Laine’s knife and fork, which had just cut into a perfect piece of medium-rare filet mignon, were still sticking in the meat when she flew out of her chair. “My dinner!” she said as she reached for her purse before Tamyra caused her to lose that too.

“You eat enough! We’ve got to get Winnie.”

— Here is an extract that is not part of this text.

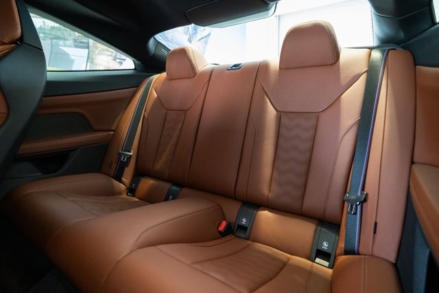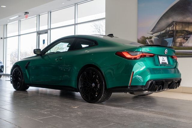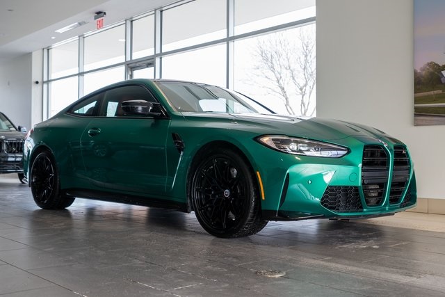 M4 Competition, 2D Coupe, 3.0L I6 Turbocharged DOHC 24V LEV3-ULEV70 503hp, AWD, Isle of Man Green Metallic, Tartufo Leather, 16 Speakers, 4-Wheel Disc Brakes, ABS brakes, Adaptive suspension, Air Conditioning, Alloy wheels, AM/FM radio: SiriusXM, Apple CarPlay & Android Auto Compatibility, Auto High-beam Headlights, Auto-dimming door mirrors, Auto-dimming Rear-View mirror, Automatic temperature control, BMW Assist eCall, BMW TeleServices, Brake assist, Bumpers: body-color, Compass, ConnectedDrive Services, Delay-off headlights, Driver door bin, Driver vanity mirror, Dual front impact airbags, Dual front side impact airbags, Electronic Stability Control, Emergency communication system: BMW Assist eCall, Enhanced USB/Bluetooth Plus Smartphone Integration, Extended Merino Leather Upholstery, Exterior Parking Camera Rear, Four wheel independent suspension, Front anti-roll bar, Front Bucket Seats, Front Center Armrest, Front dual zone A/C, Front reading lights, Fully automatic headlights, Garage door transmitter, harman/kardon Surround Sound System, harman/kardon® Speakers, Heated door mirrors, Heated front seats, Illuminated entry, Individual Piano Black Finish Trim, Knee airbag, Leather Shift Knob, Live Cockpit Pro w/Navi, Low tire pressure warning, Lumbar Support, M Sport Seats, Memory seat, Navigation System, Occupant sensing airbag, Outside temperature display, Overhead airbag, Overhead console, Panic alarm, Passenger door bin, Passenger vanity mirror, Power door mirrors, Power driver seat, Power Front Seats, Power passenger seat, Power steering, Power windows, Radio data system, Radio: AM/FM Audio System, Rain sensing wipers, Rear air conditioning, Rear anti-roll bar, Rear reading lights, Rear seat center armrest, Rear window defroster, Remote keyless entry, Security system, SiriusXM Satellite Radio, Speed control, Speed-sensing steering, Speed-Sensitive Wipers, Split folding rear seat, Spoiler, Sport steering wheel, Steering wheel mounted audio controls, Tachometer, Telescoping steering wheel, Tilt steering wheel, Traction control, Trip computer, Turn signal indicator mirrors, Variably intermittent wipers, and Wheels: 19" x 9.5" Fr/20" x 10.5" Rr (Style 826M)

Laine was almost out the door in less than four strides. How women like Tamyra ran in stilettos was still beyond her. Poor Albert followed right behind, and by the time they all made it to the hallway, Winnie was nowhere in sight.

Tamyra stopped by the door for a brief second. “Let’s head to her room.” Before Laine could speak, Tamyra was a blur.

Laine turned to Albert. “Don’t worry about Winnie. We’ll take it from here. She’s an ornery old cuss. Sorry if it messed up your dinner. Better go. Those long legs are no match for mine.”

“I’m sorry. I tried to be so careful.”

The worry in his eyes touched Laine. She patted his arm. “It’s okay. She’s just having trouble letting go. It’s not you.”

He patted her hand. “Go. Go. I’m fine.”

She let his approval release her to hightail it down the hall. Fortunately she was wearing wedges, so she made up a little ground. Her wide-leg black pants kept whipping each other at the hem as she ran. When she came to the foyer of The Cove suites, Gerard was standing there as if he had been waiting on her. He simply pointed to the elevator.

She raised her hand. “Thanks.”

He called out as she rounded the corner to the elevators. “Should I be expecting Miss Riley, too?”

“No, she’s got a hot date!” She knew Riley would kill her for that. “I’m the last of the posse.” The door opened and Laine pushed the number for Winnie’s floor. When she exited the elevator, she could hear Tamyra banging and screaming from down the hall. She ran to her and grabbed Tamyra’s hands away from the door.

“Leave me alone!” she heard Winnie yell.

“We’re going to, Winnie,” Laine said.

Tamyra slapped at her. “No, we’re not, Winnie! We’re coming in there just like we did earlier.”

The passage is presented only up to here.